Comme Rao se plaint toujours, Nirantali tire de sa poche une graine, elle la plante en terre et dit :
‑ Je te fais un cadeau : je te donne l’ombre d’un arbre.
À la seconde même, la graine se met à germer et à monter vers le ciel.
En quelques instants, la pousse est devenue un arbre majestueux, un banian. Toutes sortes de créatures y trouvent refuge. Mais Rao n’est pas content.
‑ Les feuilles sont trop petites, elles protégent mal des rayons du soleil.
Nirantali saisit les feuilles et tire dessus pour les allonger ; puis, elle courbe les branches vers la terre afin de leur donner la forme d’un parasol.
Rao pousse un long soupir :
‑ Si ton arbre donnait au moins quelque chose à manger ! Je n’aurais plus besoin de travailler durement dans les champs.
Nirantali brise une branche, il en sort du lait. Rao y goutte puis fait la grimace :
‑ Le lait de ma vache est bien meilleur que celui de ton arbre.
Rao se plaint de nouveau :
‑ Pourquoi ton arbre ne porte-t-il pas de fruits ?
À ces mots, Nirantali, qui a bon cœur, fait apparaître des figues sur les branches. Mais cela ne convient toujours pas à Rao.

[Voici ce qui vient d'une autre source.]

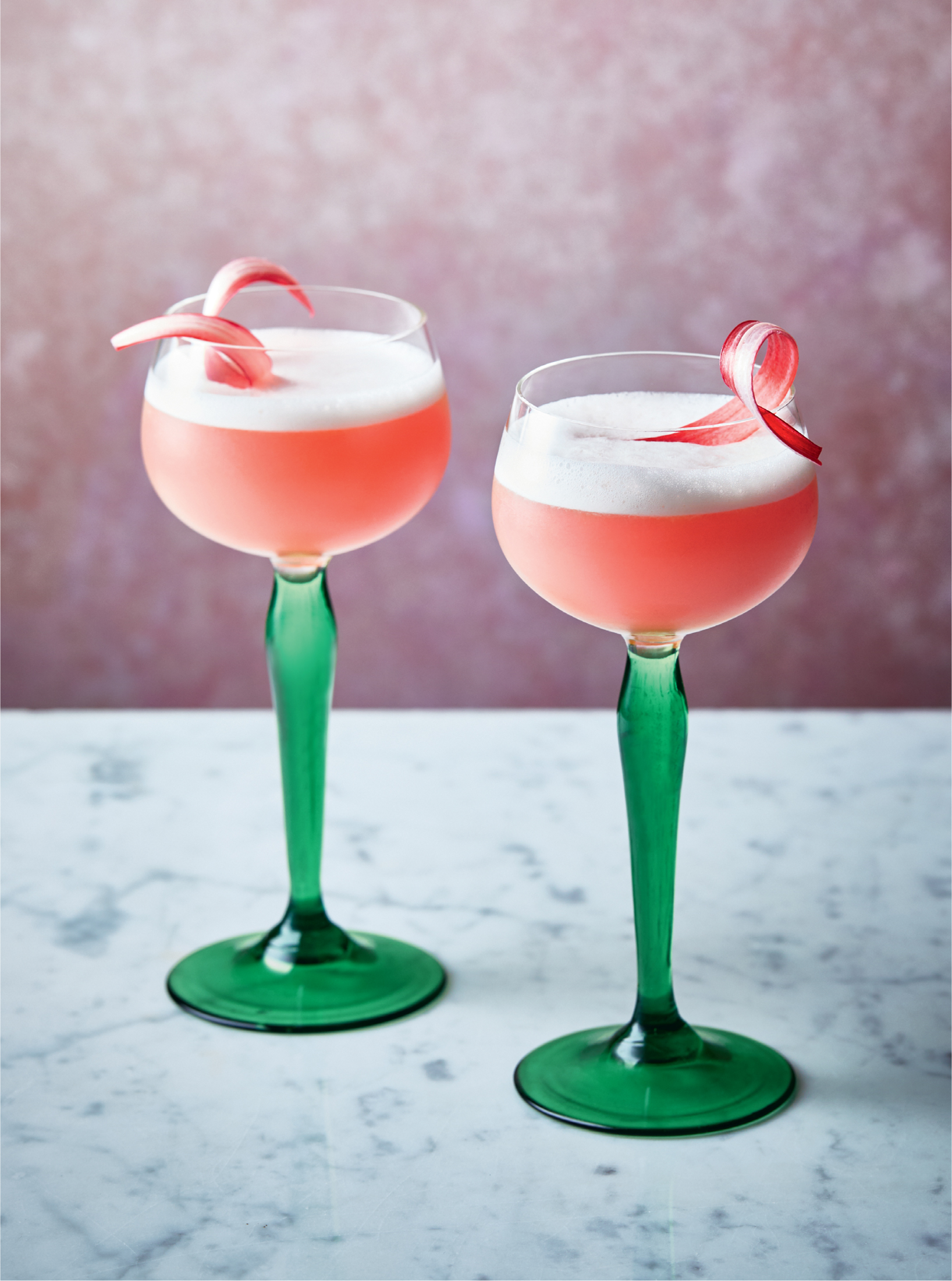 Add the gin to a cocktail shaker with the lemon juice, 20ml (¾fl oz) of rhubarb syrup and the egg white (if using) and shake once, hard, without ice to emulsify the egg. Add ice, shake again and strain into a cocktail coupe. Garnish with a rhubarb twist and serve.

‑ Maintenant les feuilles sont trop grandes, elles cachent les fruits. Il faudra que je monte très haut pour les cueillir, c’est dangereux !

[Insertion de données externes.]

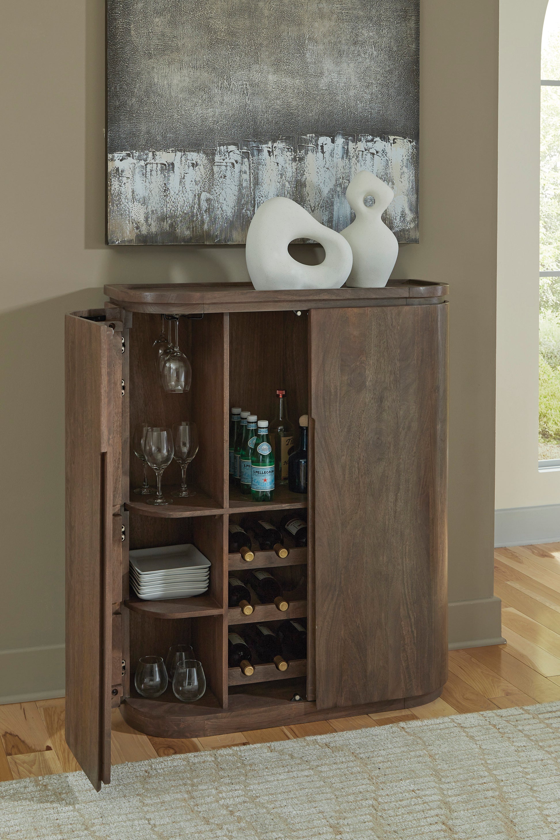 • This bar cabinet captures the essence of classic elegance while delivering on contemporary function. It's beautifully crafted from mango wood, with a medium brown finish bringing extra warmth to the ultra-modern silhouette. Want to drink in style? Bottle and glass holders keep wine-tasting essentials effortlessly organized. Ample shelving stores other must-haves for at-home mixology or hosting guests. And for a night-to-day transformation, this cabinet can also double as a chic coffee station.
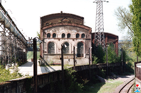 Terre Rouge, Esch/Alzette - Turbinenhalle, rechts das Gleis nach AES (Photo: Mai 1993 Marcel Schlim)
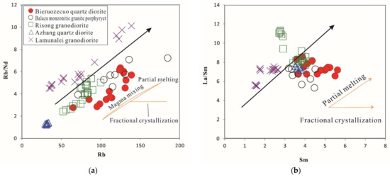 Figure 9. Discrimination diagrams of petrogenetic processes of the Bieruozecuo quartz diorites. (a) Rb/Nd s. Rb (after [62]); (b) La/Sm s. La (after [63]).
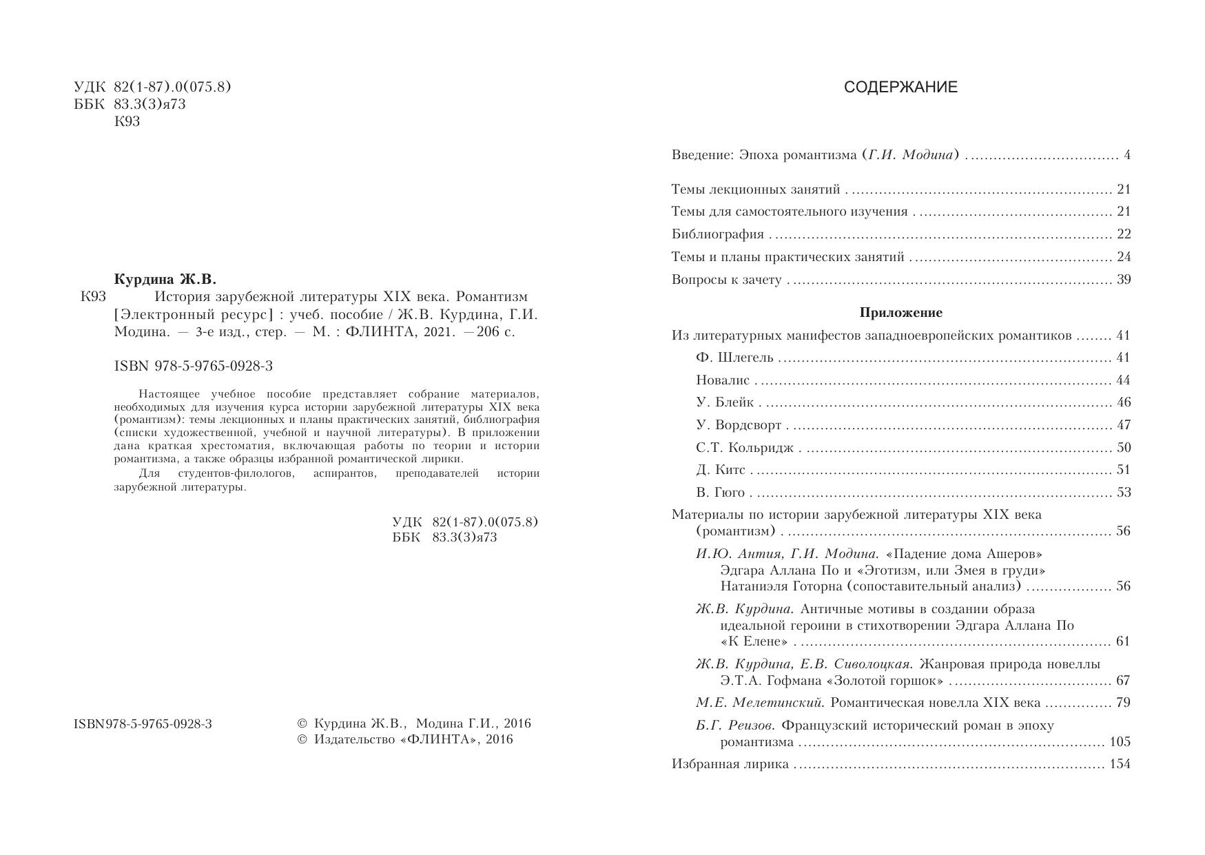 Настоящее учебное пособие представляет собрание материалов, необходимых для изучения курса истории зарубежной литературы XIX века (романтизм): темы лекционных и планы практических занятий, библиография (списки художественной, учебной и научной литературы). В приложении дана краткая хрестоматия, включающая работы по теории и истории романтизма, а также образцы избранной романтической лирики. Для студентов-филологов, аспирантов, преподавателей истории зарубежной литературы.
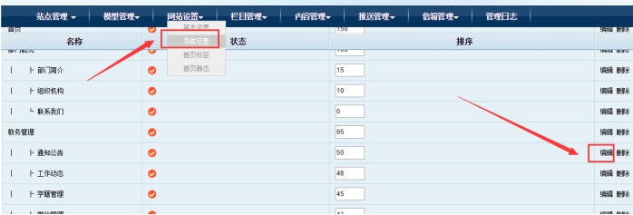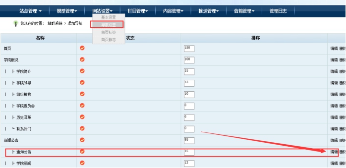 处理方法:分站后台---网站设置---导航设置----点击“通知公告”的编辑按钮
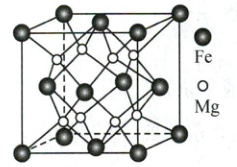 (2) 铁镁合金是目前储氢密度最高的材料之一,其晶胞结构如图所示。储氢时,$H_2$分子位于晶胞体心和棱的中心位置。该合金储满氢后所得晶体的化学式是
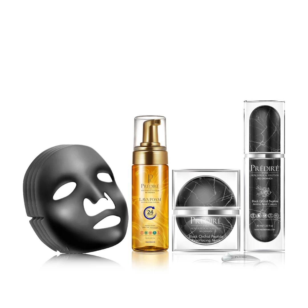 Black Orchid Peptide is the latest and most luxurious design within the Prédiré Paris line of skincare products. After years of researching and developing, our Scientists at Prédiré Paris have discovered the extraordinary power of the Black Orchid. Originally from Peru, this rare orchid increases its longevity by adapting to its environment. The Prédiré Black Orchid Peptide Resurfacing Mask helps to minimize the appearance of visible signs of aging and maintains a barrier on the skin.
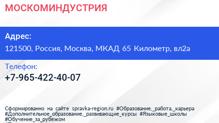 МОСКОМИНДУСТРИЯ по адресу 121500, Россия, Москва, МКАД 65 Километр, вл2а в дальнейшем Организация, размещена в следующих категориях:
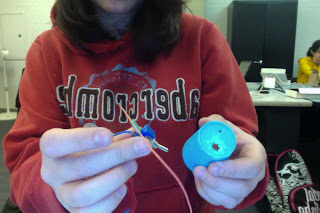 4. When connecting your button switch I used a small plastic cup and made a hole. Using a toggle switch that has some movable screws on top you can securely fasten your toggle switch onto the plastic cup.
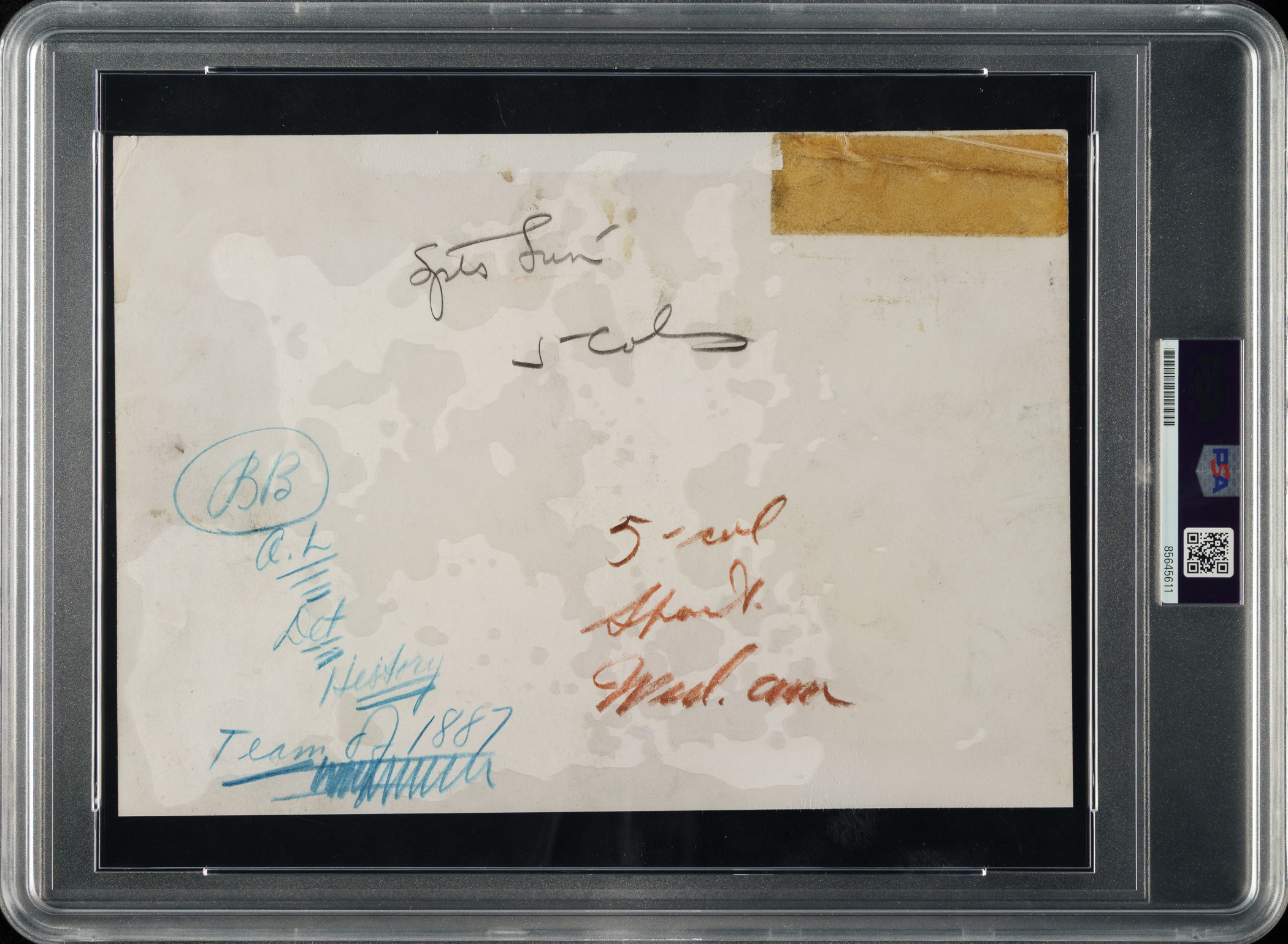Vintage photo capturing 16 members of the 1887 World Champion Detroit Wolverines. Encapsulated and certified as an original Type IV photograph by PSA/DNA. As noted by PSA/DNA, this photo is a "later-issued 1940's example that was made off a duplicate negative featuring an image originally taken by Frank N. Tomlinson in 1887." This is a famous image of the World Champion Wolverines and one that was also used for the club's 1887 N693 Kalamazoo Bats team card. The formal studio photo pictures Watkins (mgr.), Brouthers, Hanlon, Thompson, White, Baldwin, Bennett, Briody, Dunlap, Ganzel, Getzien, Richardson, Rowe, Shindle, Twitchell, and Wiedman. The reverse displays multiple editorial notations. The photo, which has been trimmed to its current dimensions of 7 x 9.75 inches, is in Fair condition overall.

– Tu n’es jamais content, Rao ! Eh bien ! ce sont les oiseaux qui se régaleront de ces fruits et non les hommes.
Nirantali tourne le dos à Rao et s’en va. Il pourra toujours essayer de l’appeler, désormais la Mère du Monde ne se montrera plus : les hommes sont bien trop agaçants.
projet d'illustration F. Malaval, pâte à modeler
Rao n’est pas très fier, il s’assoit sous le grand banian pour réfléchir. Au-dessus de lui, les oiseaux chantent et gazouillent, il leur demande :
– Que dites-vous ?
– Mille mercis à Nirantali !
Et Rao sourit, il a compris : le fruit le plus doux, c’est toujours celui qu’on reçoit sans l’avoir demandé.